Las obras de estos artistas son relatos magníficos, claras expresiones de lo que en aquellos días la habilidad en el dibujo, el apunte o la acuarela -que tan dignamente sustituían a la fotografía- podía captar de la exótica realidad geográfica y social de Egipto, una pintoresca actualidad que se superponía a un pasado remoto y magnífico, cuyo legado yacía escondido entre las arenas del desierto y las brumas del olvido; un tiempo lejano y fabuloso que el interés, la curiosidad y la fascinación de occidente comenzaban a descubrir y conocer.

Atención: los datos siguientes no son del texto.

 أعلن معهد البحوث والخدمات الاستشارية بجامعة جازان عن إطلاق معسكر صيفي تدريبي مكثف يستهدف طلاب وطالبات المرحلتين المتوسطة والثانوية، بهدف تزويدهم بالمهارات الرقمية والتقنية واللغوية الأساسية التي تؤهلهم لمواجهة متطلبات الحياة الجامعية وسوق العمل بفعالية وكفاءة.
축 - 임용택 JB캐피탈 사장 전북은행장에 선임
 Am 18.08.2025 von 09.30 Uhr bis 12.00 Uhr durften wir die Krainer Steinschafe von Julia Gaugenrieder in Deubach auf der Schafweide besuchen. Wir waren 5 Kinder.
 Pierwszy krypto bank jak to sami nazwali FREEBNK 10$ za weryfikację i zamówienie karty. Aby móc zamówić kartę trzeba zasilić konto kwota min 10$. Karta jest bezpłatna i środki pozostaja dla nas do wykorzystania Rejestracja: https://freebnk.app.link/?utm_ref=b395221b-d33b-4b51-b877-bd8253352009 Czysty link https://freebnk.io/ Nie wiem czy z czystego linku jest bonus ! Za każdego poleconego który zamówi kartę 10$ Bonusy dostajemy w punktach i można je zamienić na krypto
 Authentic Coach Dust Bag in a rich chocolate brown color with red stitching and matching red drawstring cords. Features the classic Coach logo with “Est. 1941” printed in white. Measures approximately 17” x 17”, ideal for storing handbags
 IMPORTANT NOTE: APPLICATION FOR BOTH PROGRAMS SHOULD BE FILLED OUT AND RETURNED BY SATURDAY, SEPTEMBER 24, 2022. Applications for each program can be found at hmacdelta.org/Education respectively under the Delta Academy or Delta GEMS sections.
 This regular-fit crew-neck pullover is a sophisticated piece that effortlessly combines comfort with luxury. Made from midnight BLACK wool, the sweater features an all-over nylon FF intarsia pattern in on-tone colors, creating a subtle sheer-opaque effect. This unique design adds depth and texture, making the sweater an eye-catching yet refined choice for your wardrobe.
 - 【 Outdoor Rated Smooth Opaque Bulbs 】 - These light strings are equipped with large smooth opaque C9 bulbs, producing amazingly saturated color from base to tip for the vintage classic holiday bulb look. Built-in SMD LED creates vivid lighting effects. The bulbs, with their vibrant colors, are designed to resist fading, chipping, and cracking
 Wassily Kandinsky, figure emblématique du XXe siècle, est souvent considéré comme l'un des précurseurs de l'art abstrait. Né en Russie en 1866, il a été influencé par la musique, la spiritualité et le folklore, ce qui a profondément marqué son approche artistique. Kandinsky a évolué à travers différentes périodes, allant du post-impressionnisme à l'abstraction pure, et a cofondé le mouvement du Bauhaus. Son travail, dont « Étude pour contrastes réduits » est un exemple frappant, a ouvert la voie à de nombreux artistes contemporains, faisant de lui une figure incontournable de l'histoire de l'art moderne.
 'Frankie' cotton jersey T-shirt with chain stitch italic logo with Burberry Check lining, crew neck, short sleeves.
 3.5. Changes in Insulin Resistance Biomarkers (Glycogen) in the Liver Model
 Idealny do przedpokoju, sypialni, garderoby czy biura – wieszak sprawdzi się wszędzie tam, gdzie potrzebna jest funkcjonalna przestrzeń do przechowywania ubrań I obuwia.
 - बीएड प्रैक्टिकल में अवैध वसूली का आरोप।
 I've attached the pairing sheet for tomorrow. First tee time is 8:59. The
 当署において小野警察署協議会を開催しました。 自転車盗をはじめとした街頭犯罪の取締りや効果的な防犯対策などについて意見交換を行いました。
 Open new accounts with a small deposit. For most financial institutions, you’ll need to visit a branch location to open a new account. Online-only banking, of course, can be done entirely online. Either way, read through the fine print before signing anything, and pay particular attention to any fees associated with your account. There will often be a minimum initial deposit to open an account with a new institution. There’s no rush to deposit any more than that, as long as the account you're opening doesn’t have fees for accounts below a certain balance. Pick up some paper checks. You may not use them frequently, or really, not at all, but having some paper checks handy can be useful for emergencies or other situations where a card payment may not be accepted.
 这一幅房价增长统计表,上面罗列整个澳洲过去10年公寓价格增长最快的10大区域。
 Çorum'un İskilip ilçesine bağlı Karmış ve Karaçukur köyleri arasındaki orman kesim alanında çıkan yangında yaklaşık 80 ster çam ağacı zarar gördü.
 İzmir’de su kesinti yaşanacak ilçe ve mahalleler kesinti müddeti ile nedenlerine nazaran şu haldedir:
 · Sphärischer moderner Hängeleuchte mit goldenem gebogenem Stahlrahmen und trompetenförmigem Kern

ArribaAbajoViajeros y estudiosos europeos y gobernantes egipcios

En este clima orientó desde España su aventura hacia Egipto don Antonio de Orleans, duque de Montpensier, afincado en Sevilla. Era el hijo menor del rey de Francia Luis Felipe de Orleans y estaba casado con la infanta María Luisa, matrimonio del que nacería María de las Mercedes (1860-1878), primera esposa de Alfonso XII (1857-1885).

Conocemos bien el viaje que don Antonio de Orleans realizó en 1845 a las tierras del Nilo gracias al relato que del mismo escribió su secretario Antonio Latour, publicado en 1849. Aquel viaje coincidió en el tiempo con la magnífica expedición prusiana dirigida por el egiptólogo, lingüista y museógrafo Richard Carl Lepsius (1810-1884), que contaba con la aprobación y el apoyo de Federico Guillermo III de Prusia (1770-1840), que consiguió para las colecciones de sus museos más de quince mil objetos antiguos que fueron llevados a Berlín, regalados oficialmente por Mohamed Alí (1805-1848), bajá de Egipto.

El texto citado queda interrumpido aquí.